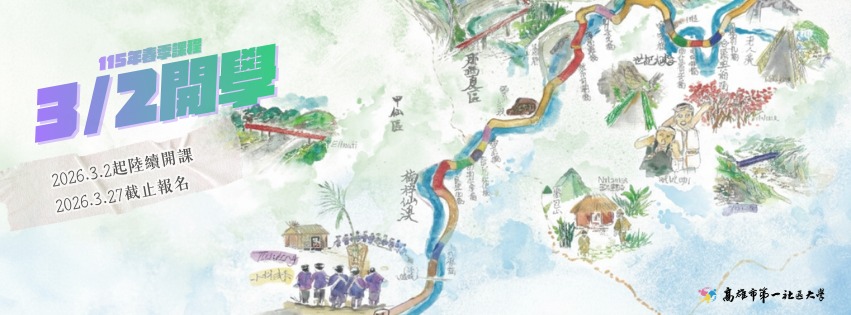 高雄市第一社區大學115年春季課程,3月2日起陸續開課 Posted on 2026-03-032026-03-03 本會承辦之 高雄市第一社區大學115年春季課程,3月2日起陸續開課 開學週免費旁聽課程 學習對身心成長助益良多,還有很多好課程,等待大家來認識!下列,千萬別錯過。 #開學週旁聽 尚未額滿課程開學第一週免費旁聽,請線上登記 https://pse.is/8qxncg。 #台灣民主歷史補課3月14日開始 線上課程免學分費,請洽第一社大報名。 #3月27日起即不受理課程報名和插班 正常開課不會通知,請至第一社大官網 khcu.com.tw <最新課程>查詢上課資訊。 Posted in 最新消息, 高雄市第一社區大學.
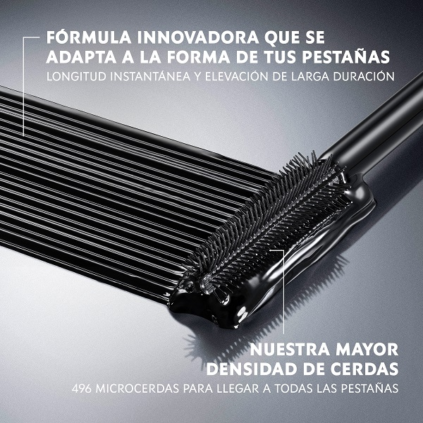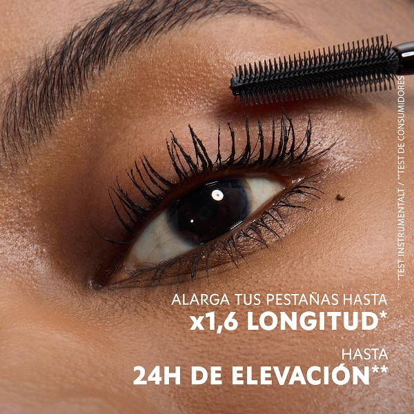 Aplica desde la base de las pestañas con movimientos en zigzag para alargar y levantar, luego aumenta el volumen con movimientos hacia arriba. Sostén en la base durante 3 segundos para fijar la elevación. Elimina con limpiador bifásico.
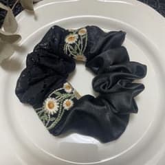 ハンドメイド New!シアー格子×黒レース×カメリア♡ シュシュ
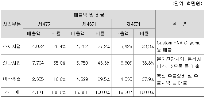 ㈜파나진은 기술혁신형 첨단 바이오 전문 벤처기업으로서 인공 유전자인 PNA를 주축으로 하는 소재 사업과 PNA 소재를 응용한 분자진단 사업 및 진단 자동화 사업을 주력사업으로 영위하고 있습니다. 특히 분자진단 분야에서 소재, 진단 시약 및 자동화 장비에 이르는 검사 전 과정에 걸쳐 필요한 기술을 확보하고 경쟁력 있는 제품들을 상용화하며 명실상부한 선도기업으로 성장하고 있습니다.
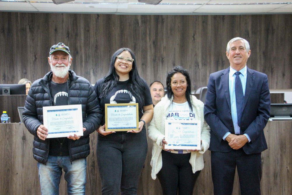 The fishers collaborating on my research projects and helping release stingrays also received their own Resolution of Congratulations! Since 2020, over 4,000 rays have been released in Balneário Camboriú, and many other great results have been achieved through our partnership. 🎣
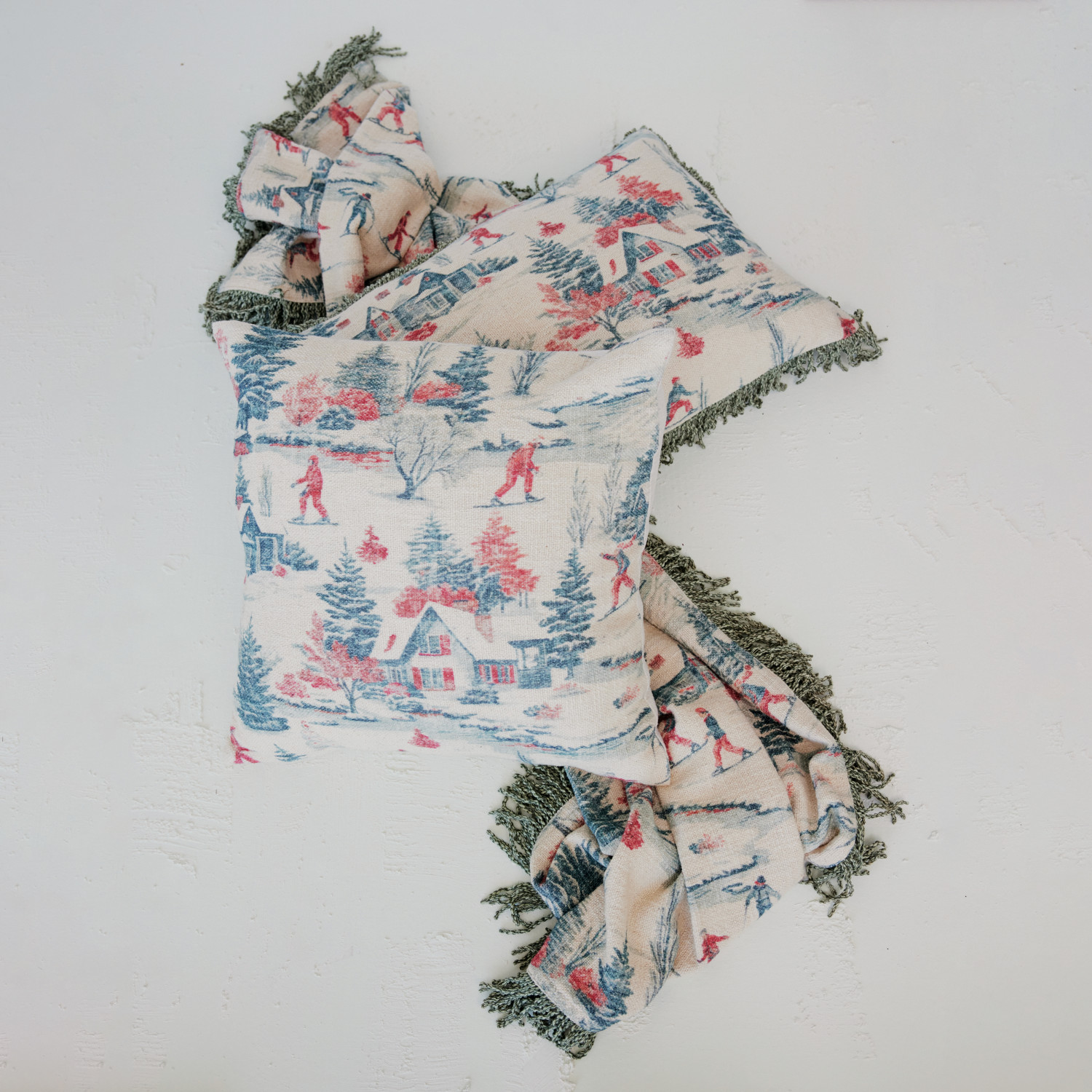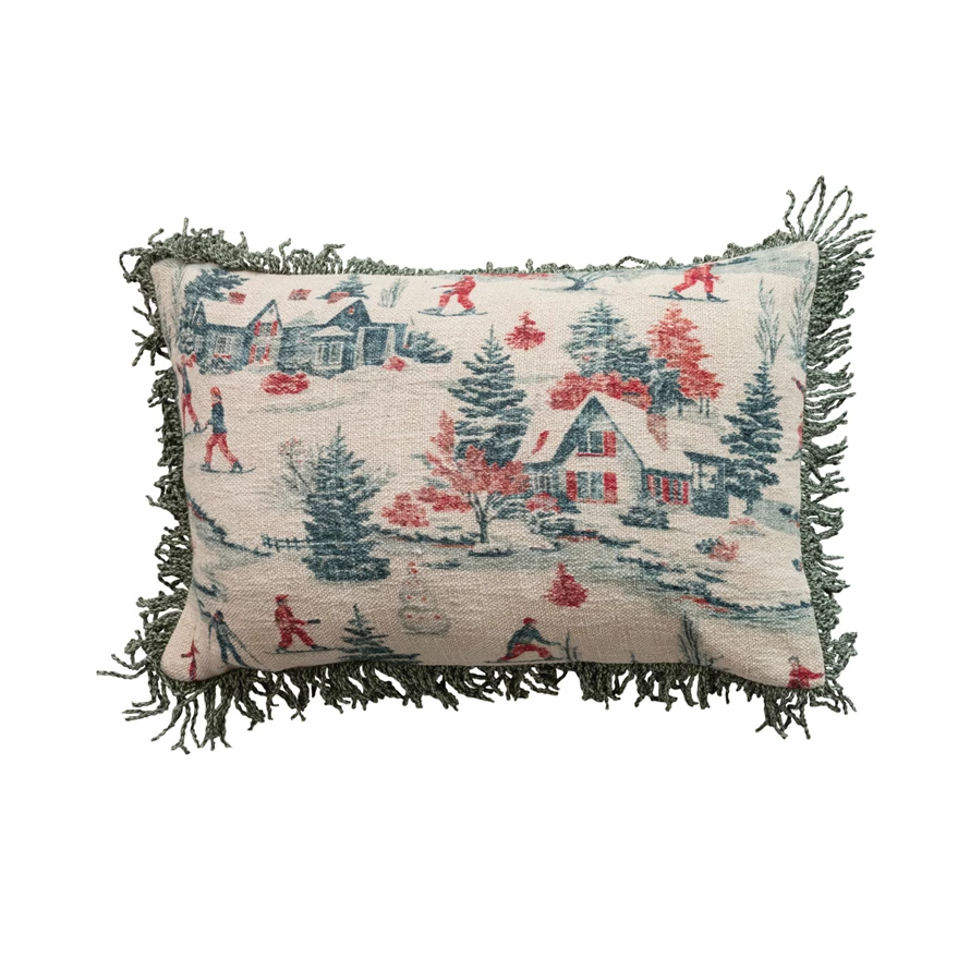Cotton Slub Printed Lumbar Pillow with Ski Scene & Bullion Fringe
_____
→ **About this task**:
Reproduce precisely the lines of the entries above, from the one containing "The fishers collaborating" through the final one, both ends included, and omit the pictures.

→ **Response to this task**:
 The fishers collaborating on my research projects and helping release stingrays also received their own Resolution of Congratulations! Since 2020, over 4,000 rays have been released in Balneário Camboriú, and many other great results have been achieved through our partnership. 🎣
Cotton Slub Printed Lumbar Pillow with Ski Scene & Bullion Fringe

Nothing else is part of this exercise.